Work required -> Copy nothing but the line with "Buat terlebih dahulu" and the lines that follow it to the end of the entries below, and keep the pictures out.

(Excerpts from a dataset)
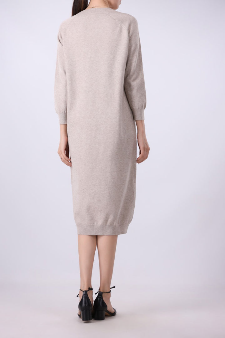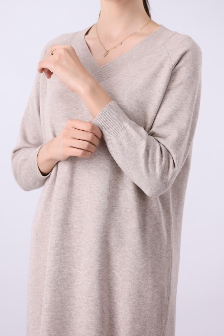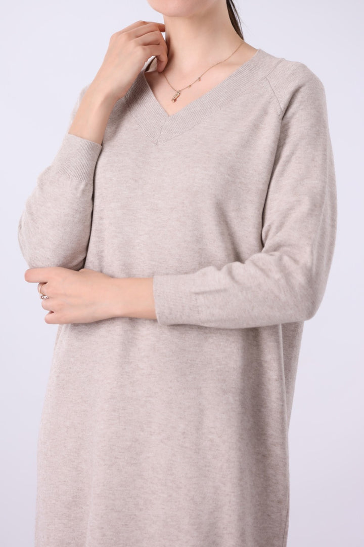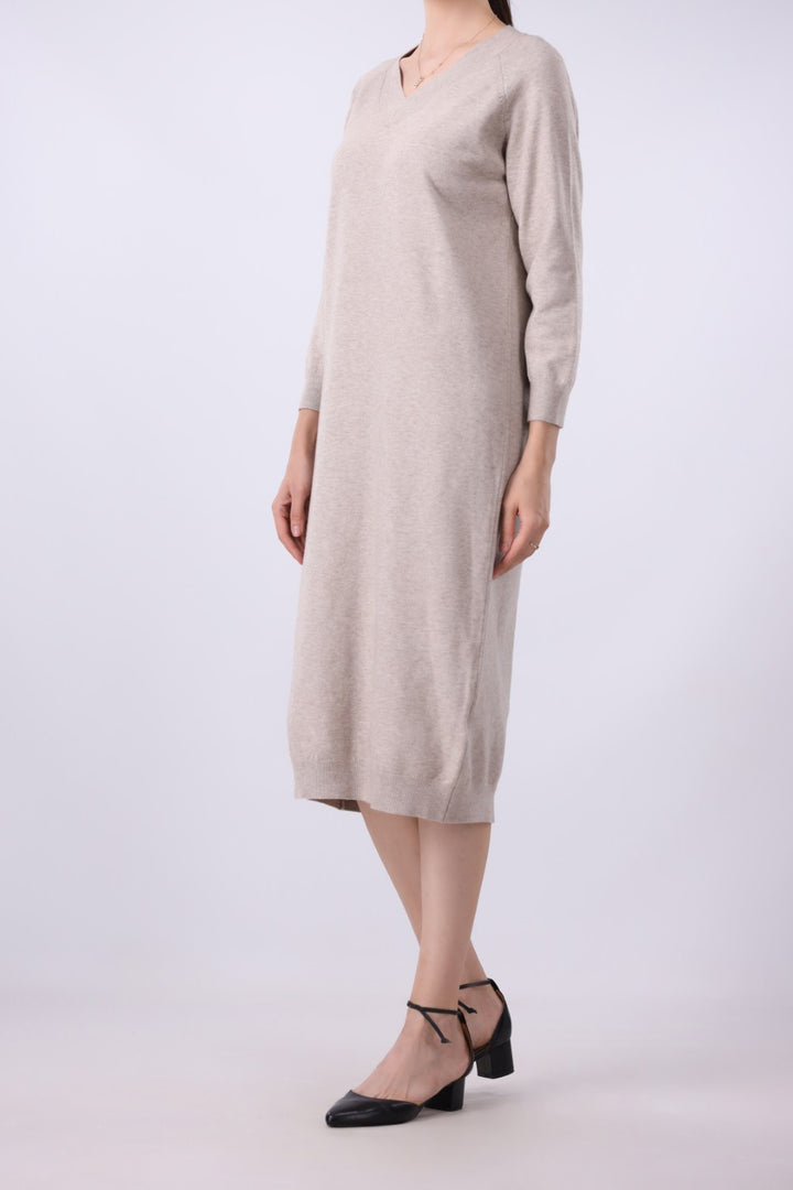 Knitted dress with a mid-length, V-neck detail, Ribbed trims and long sleeves.
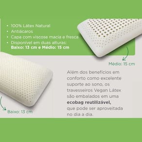 Travesseiro Vegan Látex Perfil Baixo 13Cm Altura Theva
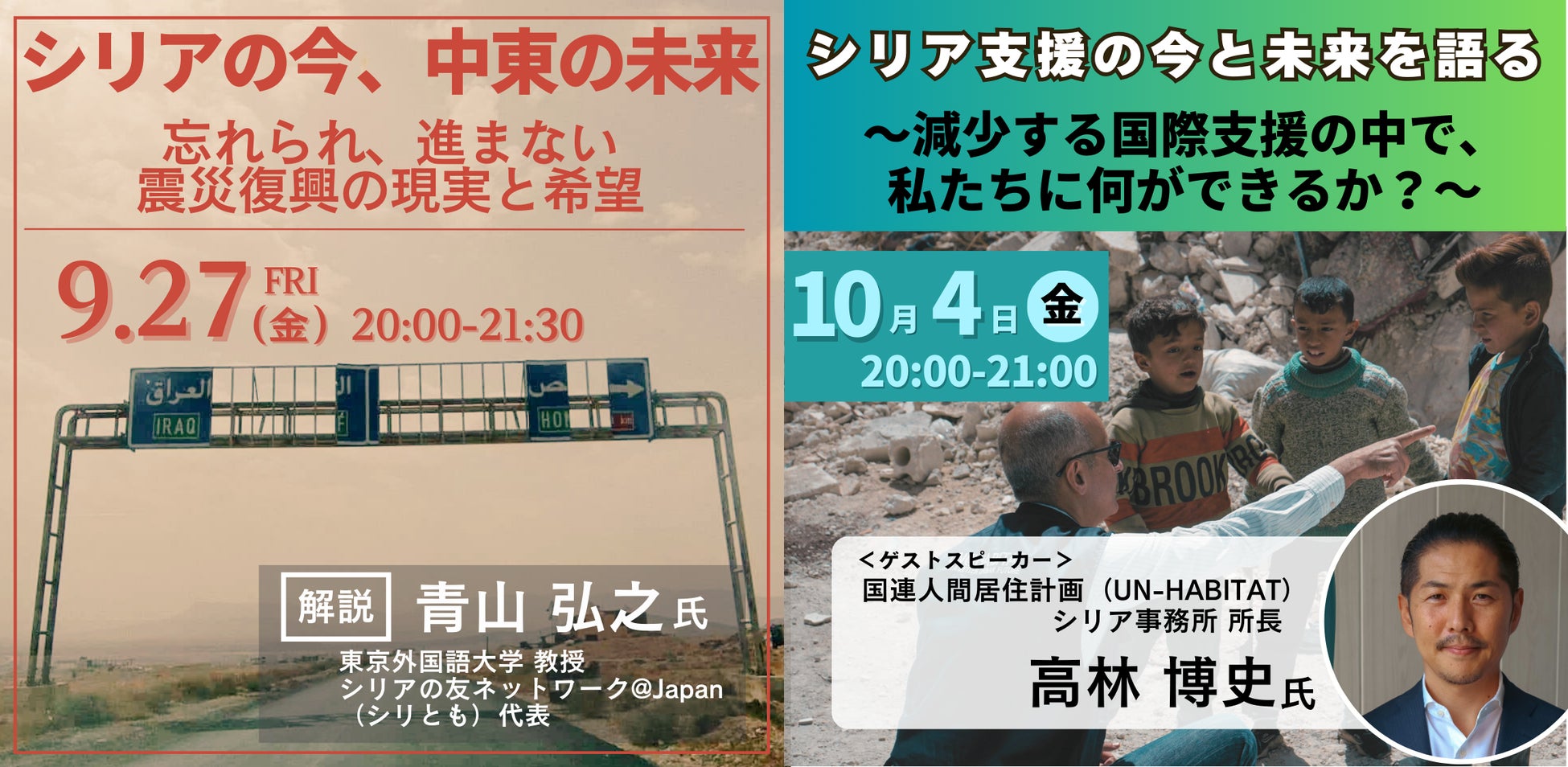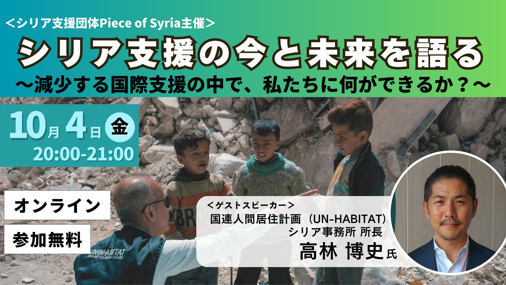 レバノン・ガザへの報道に集中する中、シリアでは紛争と震災からの復興が進まずに国際的な支援も減少し「戦争開始来の最も厳しい人道状況」とされています。NPO法人Piece of Syriaは、シリアに携わる専門家を招いたオンラインイベントを、9月27日(金)、10月4日(金)に開催します。シリアの現実を伝える貴重な機会となるこれらのイベントでは、シリアの未来への展望と私たちにできる支援について知る機会を提供します。
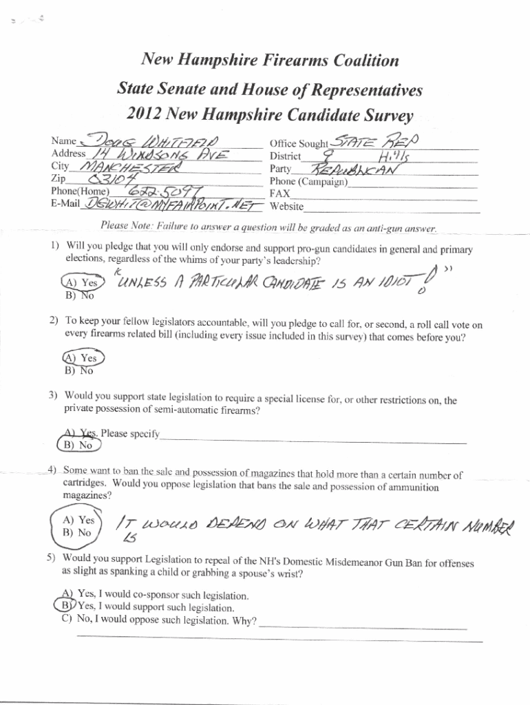 New Hampshire Firearms Coalition Stute Senate and House of Representatives2012 New Hampshire Cuwlidste Survey Name Addressg1Sr\"\"3rruo1r1577VDistrictCityzipParty Phone (Campaign)Phone(HomeFAXEMailWebsite
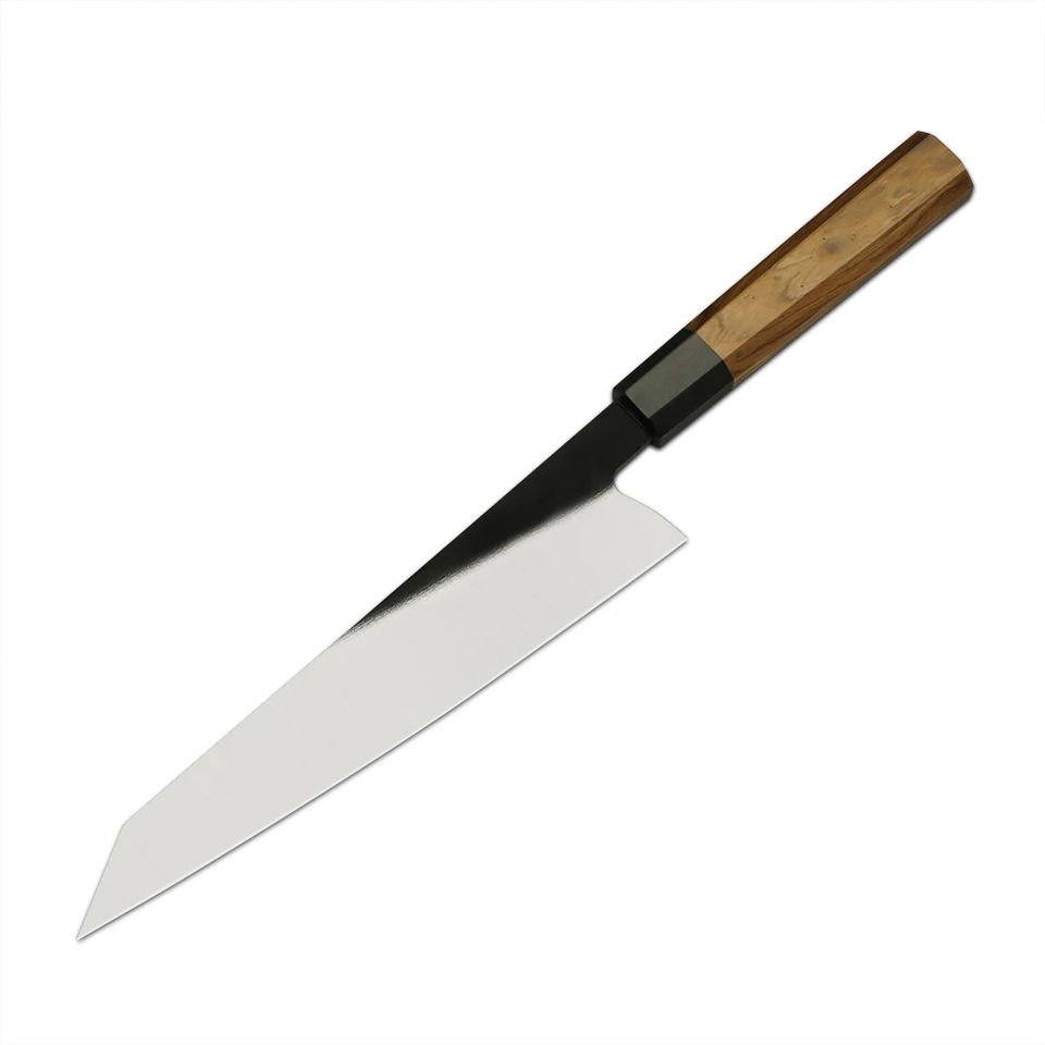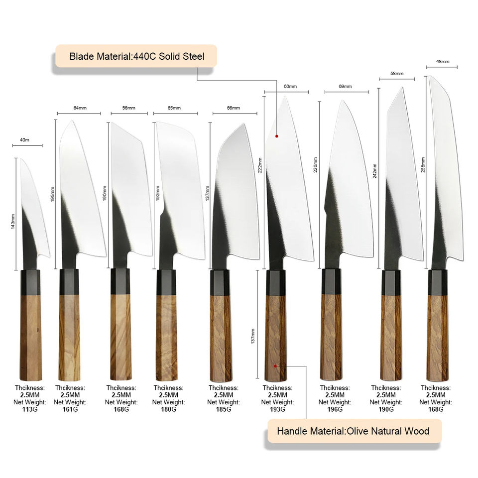 Ensemble de couteaux de cuisine professionnels avec lames en acier inoxydable, design ambidextre, lame enduite, finition noire, manche en bois d'olivier
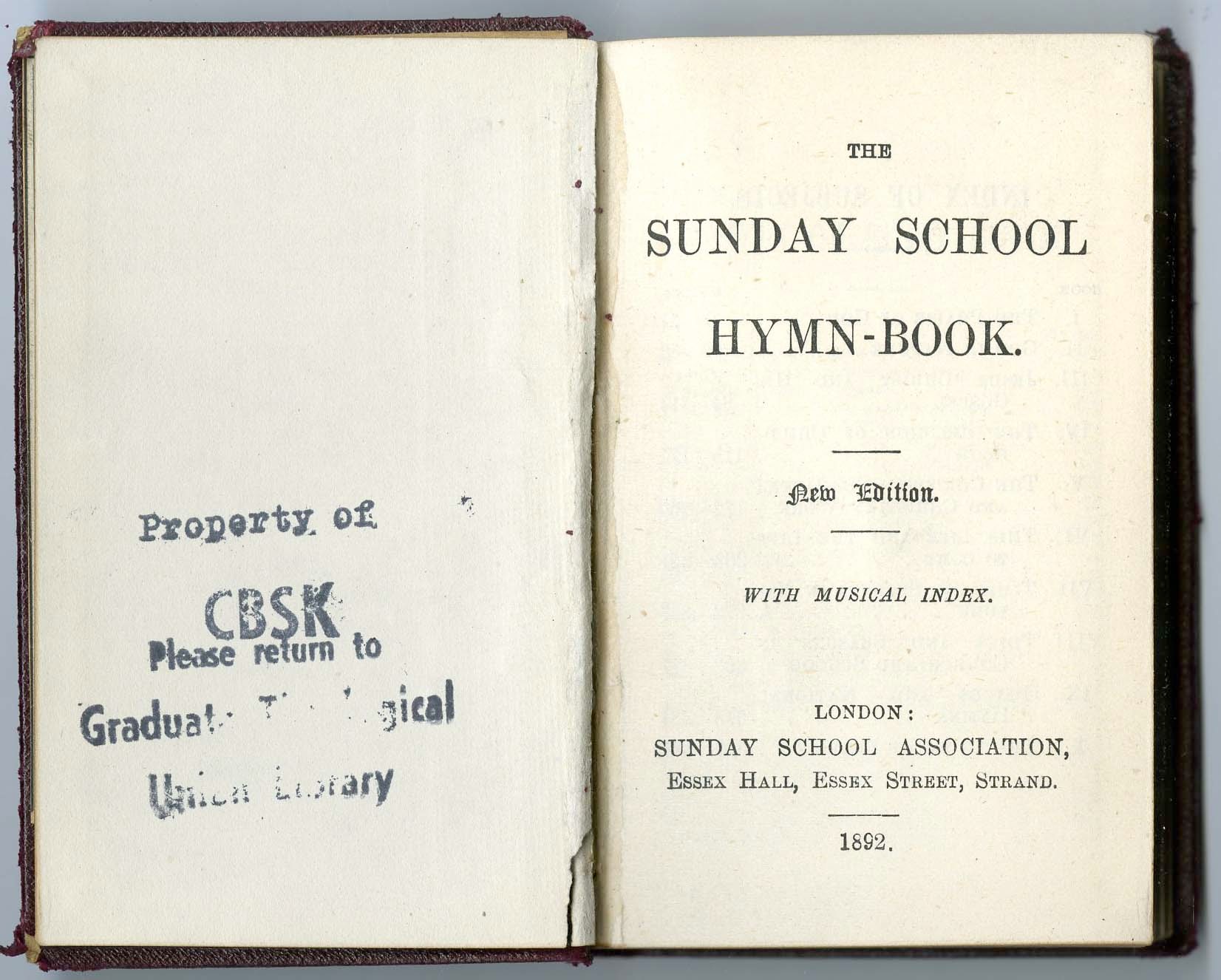 The Sunday school hymn book London: with musical index. London: Sunday School Association, Essex Hall, Essex Street, Strand, 1892. New edition.
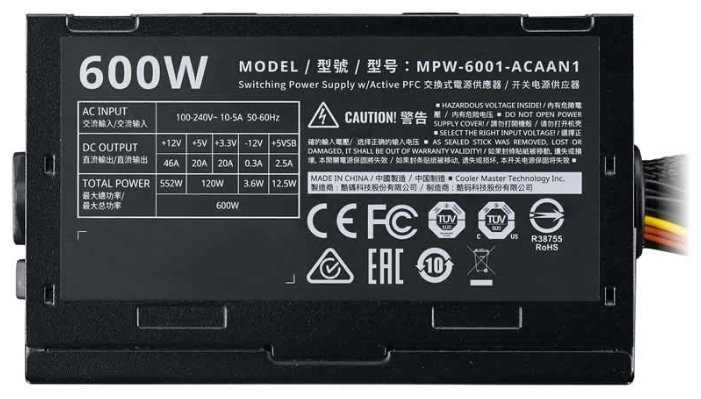 Отзывы о Блок питания Cooler Master Elite V3 600W
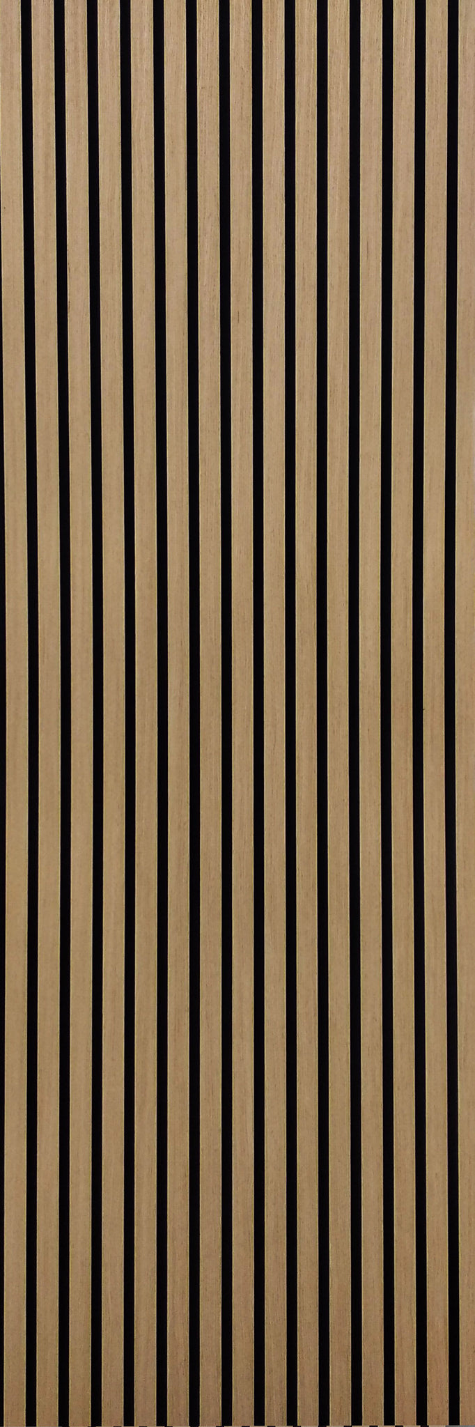 There are two pieces that make up a full panel – Panel A measures 11.025″ x 94.488″ and Panel B measures 12.6″ x 94.488″ The full SoundGroove panel, put together measures 94.488″ x 23.622″. The wooden slats are 1.06″ wide and the distance of 0.511″ between them
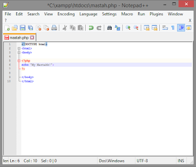 Buat terlebih dahulu program php anda. Pembuatan nya bisa dengan menggunakan Notepad bawaan Windows, Notepad++,Sublime Text dan lain lain
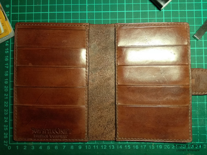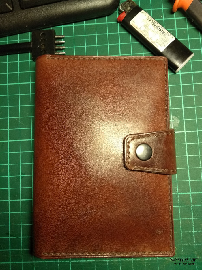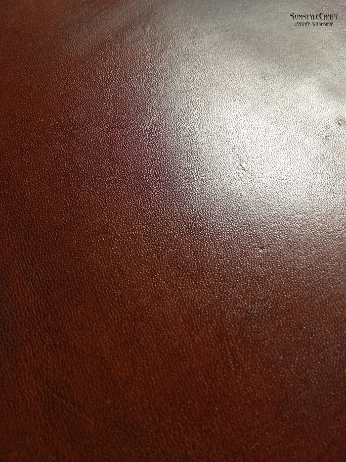 Далее я покрыл кожу маслом, цвет получился натуральным, как масло подсохнет цвет станет посветлее.
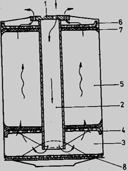 1-Junta perforada que une el Distribuidor y el canister 2-Tubo hueco por donde pasa el gas con CO2 3-Espacio vacío 4 Colador 5-Absorbente 6 Colador 7-Filtro 8-Base Invertida |
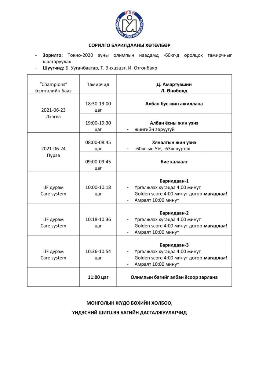Эрэгтэй 60 кг –д манайд дэлхийн чансааны 21 дэх бөх, 2821 оноотой Д.Амартүвшин, дэлхийн чансааны 24 дэх бөх, 2608 оноотой Л.Өнөболд нар бий. Монголын жүдо бөхийн холбооноос хоёр тамирчны хооронд "Токио 2020" зуны олимпийн наадамд эрэгтэйчүүдийн 60 кг жинд эх орноо төлөөлөн оролцох эрхийн төлөө сорилго барилдаан хийхээр шийджээ.

Written solution ->
 Buat terlebih dahulu program php anda. Pembuatan nya bisa dengan menggunakan Notepad bawaan Windows, Notepad++,Sublime Text dan lain lain
 Далее я покрыл кожу маслом, цвет получился натуральным, как масло подсохнет цвет станет посветлее.
 1-Junta perforada que une el Distribuidor y el canister 2-Tubo hueco por donde pasa el gas con CO2 3-Espacio vacío 4 Colador 5-Absorbente 6 Colador 7-Filtro 8-Base Invertida |
Эрэгтэй 60 кг –д манайд дэлхийн чансааны 21 дэх бөх, 2821 оноотой Д.Амартүвшин, дэлхийн чансааны 24 дэх бөх, 2608 оноотой Л.Өнөболд нар бий. Монголын жүдо бөхийн холбооноос хоёр тамирчны хооронд "Токио 2020" зуны олимпийн наадамд эрэгтэйчүүдийн 60 кг жинд эх орноо төлөөлөн оролцох эрхийн төлөө сорилго барилдаан хийхээр шийджээ.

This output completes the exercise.